We use a set of standard lexical features and features that generically describe the behaviour of chat participants. It’s our hope that, given the success of our approach, a post hoc analysis of feature weights will suggest an empirically defensible model of “predatory language”, and perhaps add or remove evidentiary weight to existing theories of predator language and behaviour.

We hypothesize that our classifier will be more effective if it can be attuned to both the language of predatoriness and the language of victimhood. For example, we imagine that an adult engaging in a sexually explicit chat with another consenting adult might use language not unlike that of a sexual predator.

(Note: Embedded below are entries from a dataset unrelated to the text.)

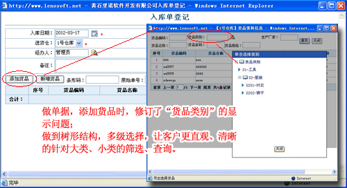2.新增入庫單等單據(jù),添加貨品時(shí),修訂了“貨品類別”的顯示問題;
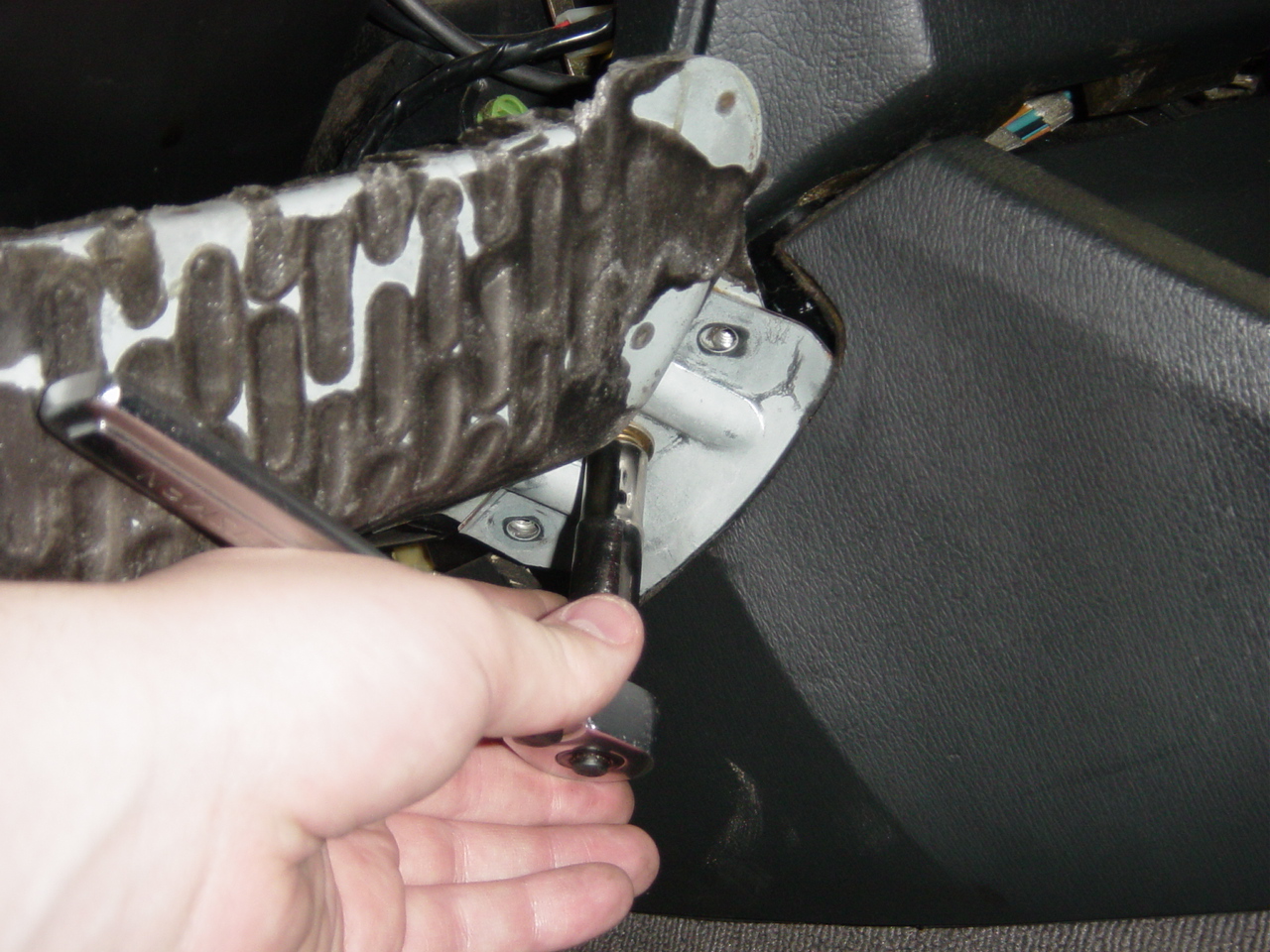 Remove the screws holding the panel in that is above the pedals.
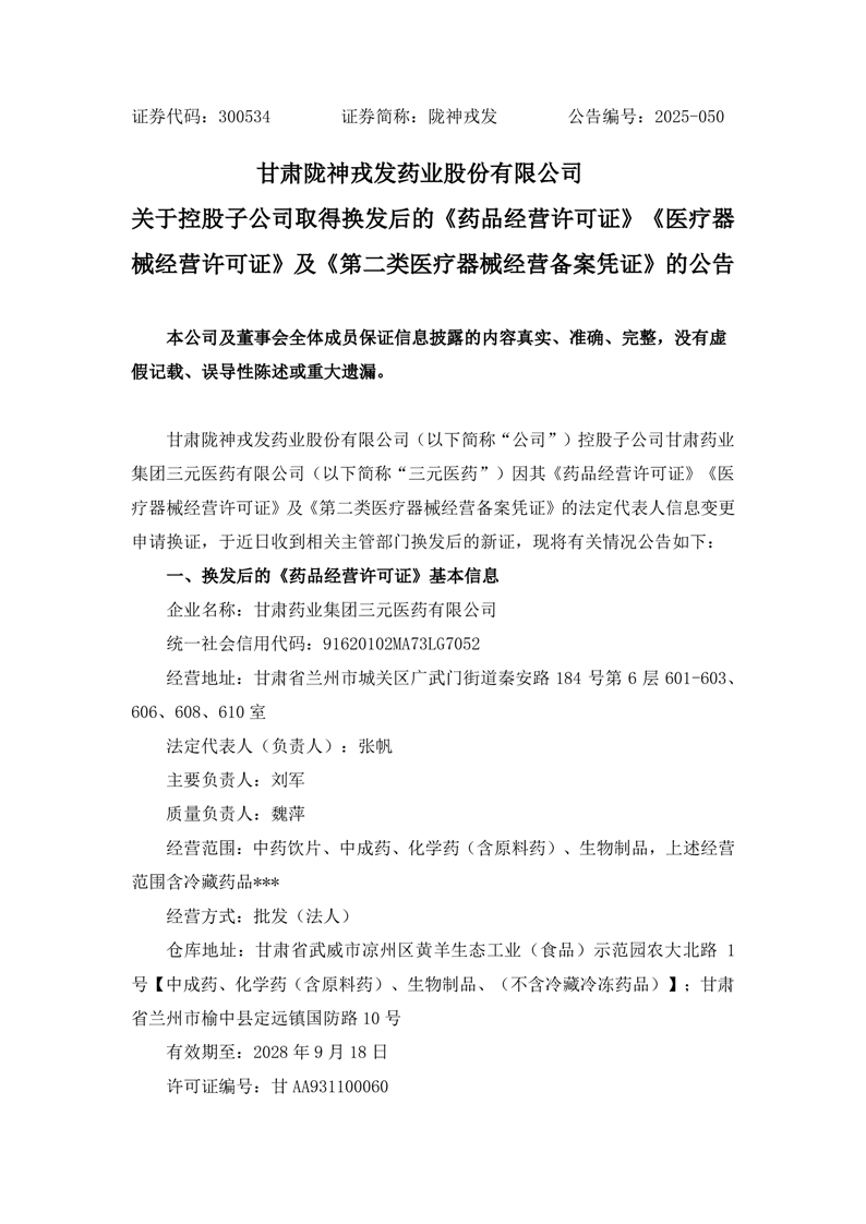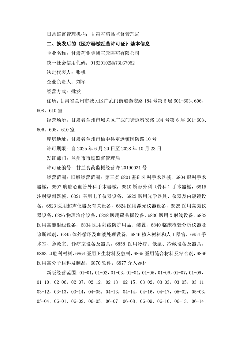 關(guān)于控股子公司取得換發(fā)后的《藥品經(jīng)營許可證》《醫(yī)療器械經(jīng)營許可證》及《第二類醫(yī)療器械經(jīng)營備案憑證》的公告

However, we would expect the other participant to be an eager participant in the former case, and reticent or evasive in the latter case.

Thus, an important aspect of our approach is that a given author’s feature vector reflects not just that author’s language and behaviour, but also the language and behaviour of his or her interlocutor(s). This gives our machine learning algorithm roughly twice as much information to base its model on; we expect at least some of this additional information to be useful for discrimination, since we don’t expect the language of one author to wholly determine the language of his or her interlocutor, notwithstanding the effect of lexical entrainment [ 1 ].

For the second task of predatory message identification, we return to our set of lexical features from the classification task. We train a linear SVM model for distinguishing predators from non-predators using just lexical features, and use the resulting weights over unigrams and bigrams to induce a weighting of “predatoriness” over all terms. We flag all predator messages where the sum of the weights of the terms in the message is above a certain hand-tuned threshold, along with all messages which contain any terms in a hand-assembled “blacklist”. 2

Features

Our feature set can broadly be divided into lexical features and what we’ll term “behavioural features”, which capture patterns in the ebb and flow of conversation. Feature vectors are calculated on a per-author basis. 2.1

Lexical features

We use a standard bag-of-words model, since this has been shown to be robust in the face of a wide variety of text classification problems. Having also experimented with term presence, tf-idf, and log of term frequency, we ultimately settled on simple term frequency as our metric. We used both unigrams and bigrams.

As noted above, a key aspect of our approach to lexical features was our consideration of the language of the focal author’s interlocutors as well as that of the focal author themselves. Thus every token t that appears more often than our threshold (empirically set to 10) yields two features: the number of times the focal author utters t, and the number of times any of the focal author’s interlocutors utters t. We will henceforth refer to features of the latter type as “mirror” features. If we take the following short, imagined exchange as an example:

Author1: hi alice Author2: hi hi

then Author1 would be associated with the following vector:

fhi : 1; alice : 1; hi alice : 1; OTHER_hi : 2; OTHER_hi hi : 1g and Author2 would be associated with a mirror vector:

fhi : 2; hi hi : 1; OTHER_hi : 1; OTHER_alice : 1; OTHER_hi alice : 1g: We experimented with a number of standard text preprocessing routines including lowercasing, stripping punctuation, and stemming. None of these routines improved performance, thus our final results use simple space-separated tokens as features.

We also tried to add “smarts” to our lexical features with some transformation rules. We introduced the following special tokens: \SMILEY For smiley faces matching a collection of emoticons assembled from Wikipedia (http://en.wikipedia.org/wiki/List_of_emoticons). We also introduce the following refinements: \SMILEY_happy \SMILEY_sad \SMILEY_silly \SMILEY_other \MALE_name For tokens matching a list of the 1,000 most common male given names in the United States.1 We manually removed around 10 names which are more likely to appear as common nouns (e.g. “Guy”). \FEMALE_name As above, for female names. In cases where a name can be both male and female, we choose the sex for which the name is more popular. \NUM For any sequence of digits. We also introduce the following refinements on this category: \NUM_small For n < 13. \NUM_teen For 13 n < 18. \NUM_adult For 18 n < 80.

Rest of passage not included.